● **PROBLEM TO WORK ON**: Print, word for word, every line from the beginning of the listing up to and including the line with "手臂经典的狼头月亮纹身图案". Pictures are to be excluded.

▬▬▬▬▬▬▬▬▬▬

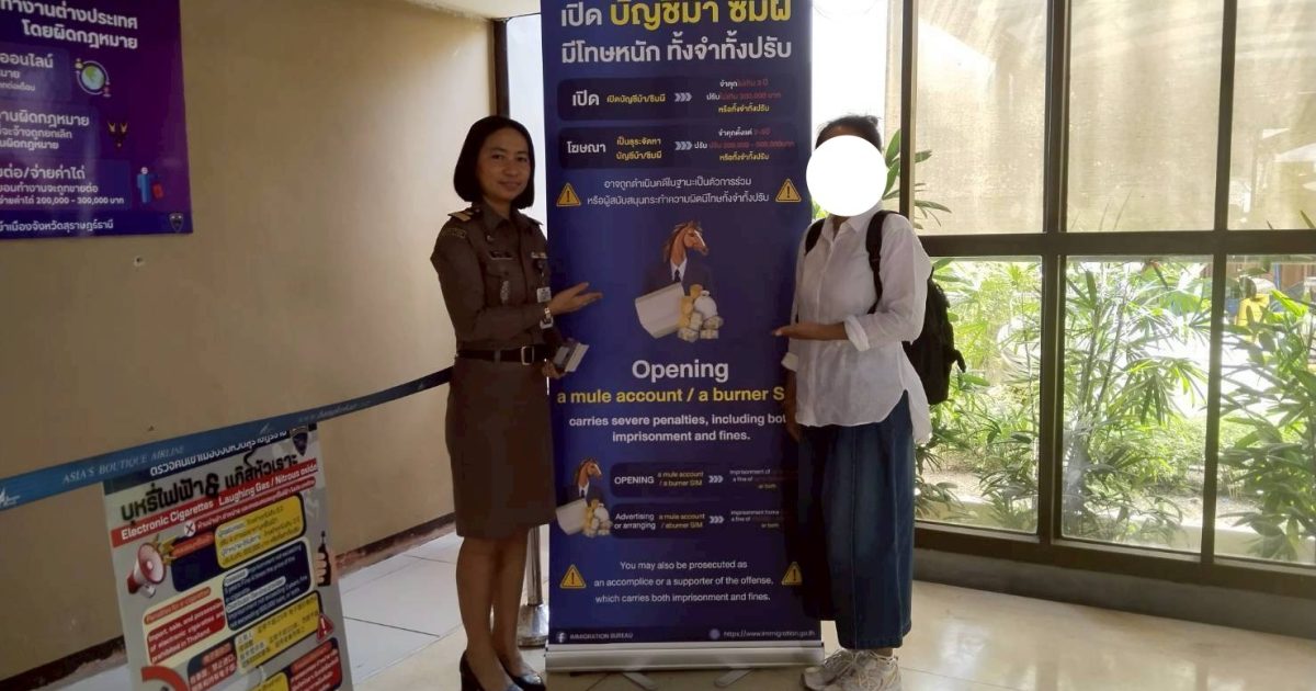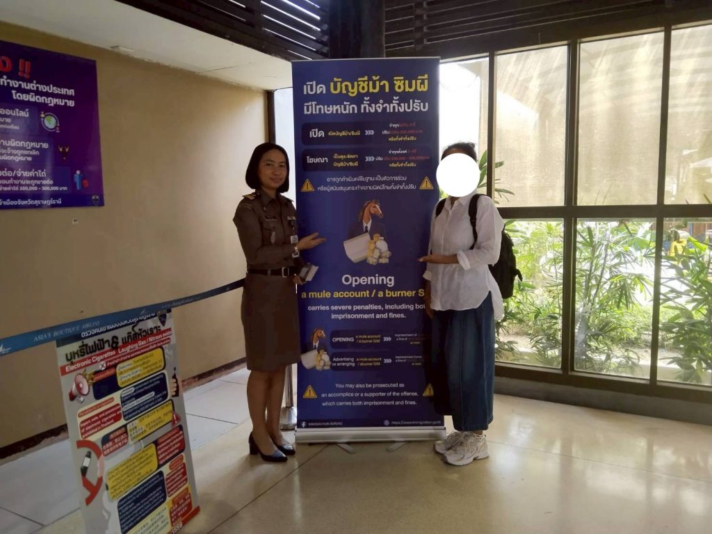 วันที่ 17/2/2569 ร.ต.อ.หญิง ภาวดี หวานทอง รอง สว.ตม.จว.สุราษฎร์ธานี พร้อมด้วยเจ้าหน้าที่ ตม.จว.สุราษฎร์ธานี (ทอ.สมุย) ประชาสัมพันธ์ให้ผู้โดยสารคนไทยและต่างชาติ จำนวน 1 คน ได้รับทราบถึงโทษทางกฎหมายที่เกี่ยวข้องกับ สแกมเมอร์ ซิมผี/บัญชีม้า ในเขตพื้นที่รับผิดชอบประจำสนามบินสมุย
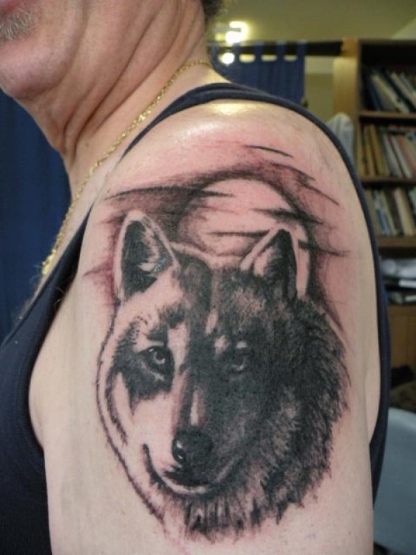 手臂经典的狼头月亮纹身图案
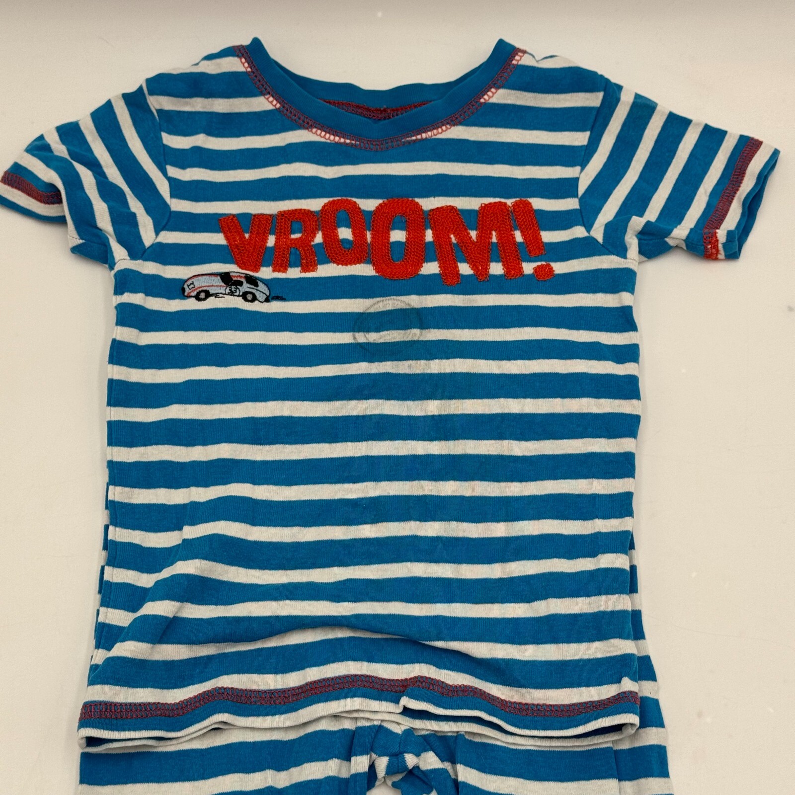 Get your little one ready for a wild ride with this pair of Carter's pajama sets! Featuring a fun vroom race car design in blue stripes and red checkers, these sets are perfect for any little one who loves the thrill of the race. Made with a comfortable blended fabric, these outfits are perfect for both baby boys and girls in size 5T.
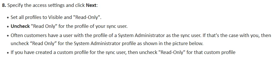 Whichever profile the sync user is using, that's the one that will need write access for the profile. Some customers just use an admin profile, others have a dedicated sync user profile. Whichever one you're using, that's the one that needs the write access. In step 8 above, you'll see this note:
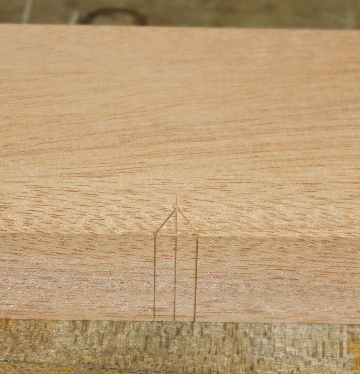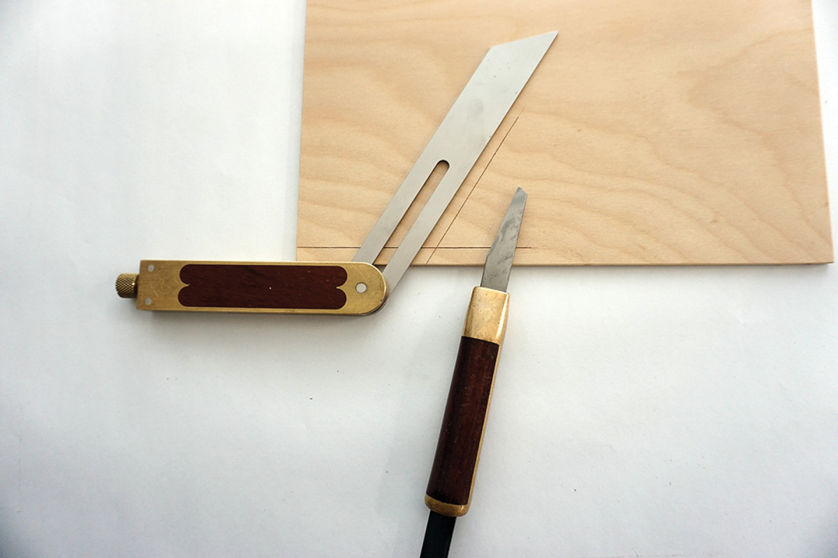 3) Using your set bevel square as the reference, knife a line that intersects the baseline.
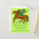 First there was Genghis Khan, then Kublai Khan, but neither was as ruthless a leader as the Irish equivalent, Lepre Khan. This wee little man will slay anyone in his path - if they come between him and his gold nuggets. In this funny design, the mighty leprechaun is riding his horse, waving his sword and shield, with a saddle made of a rainbow, of course. He might be a little-known (and very little) historical figure, but he doesn't have to be! If you give out this postcard on Saint Patrick's Day, everyone will be green with envy.
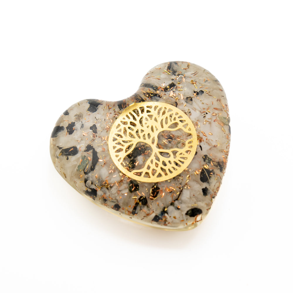 Clear Quartz & Black Tourmaline Orgonite Heart – Protection, Clarity & Grounding Energy
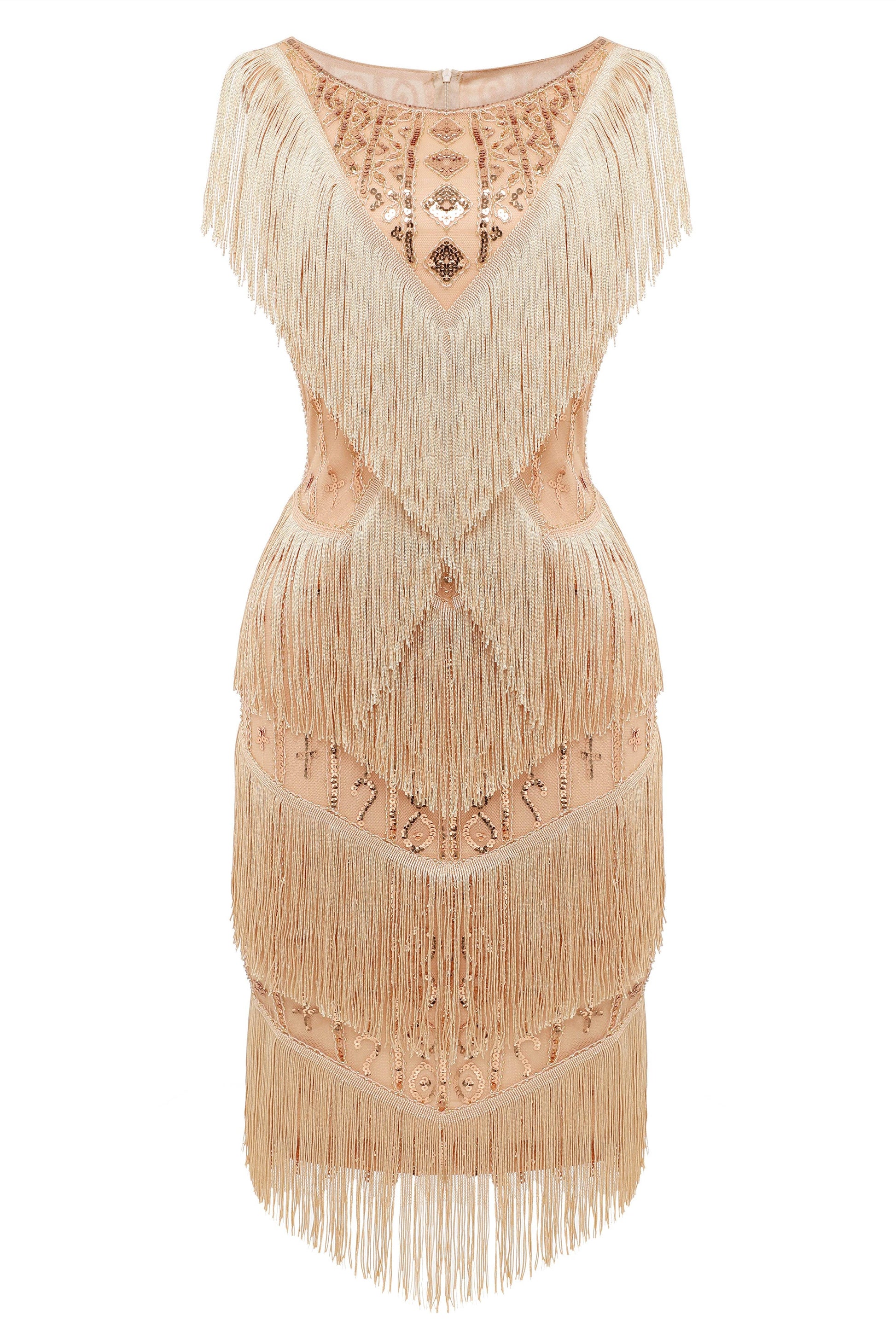 Spiritual fringe with the breeze of Golden Age gently swaying, wear this dress to a dance, your dance steps will be full of retro rhythm. Features: * Multi-layered tassel * Mini length dress * Decorative sequins * Retro-glamorous style *The item is clearance sale and cannot be returned or exchanged.

▬▬▬▬▬▬▬▬▬▬

● **WRITTEN RESPONSE**:
 วันที่ 17/2/2569 ร.ต.อ.หญิง ภาวดี หวานทอง รอง สว.ตม.จว.สุราษฎร์ธานี พร้อมด้วยเจ้าหน้าที่ ตม.จว.สุราษฎร์ธานี (ทอ.สมุย) ประชาสัมพันธ์ให้ผู้โดยสารคนไทยและต่างชาติ จำนวน 1 คน ได้รับทราบถึงโทษทางกฎหมายที่เกี่ยวข้องกับ สแกมเมอร์ ซิมผี/บัญชีม้า ในเขตพื้นที่รับผิดชอบประจำสนามบินสมุย
 手臂经典的狼头月亮纹身图案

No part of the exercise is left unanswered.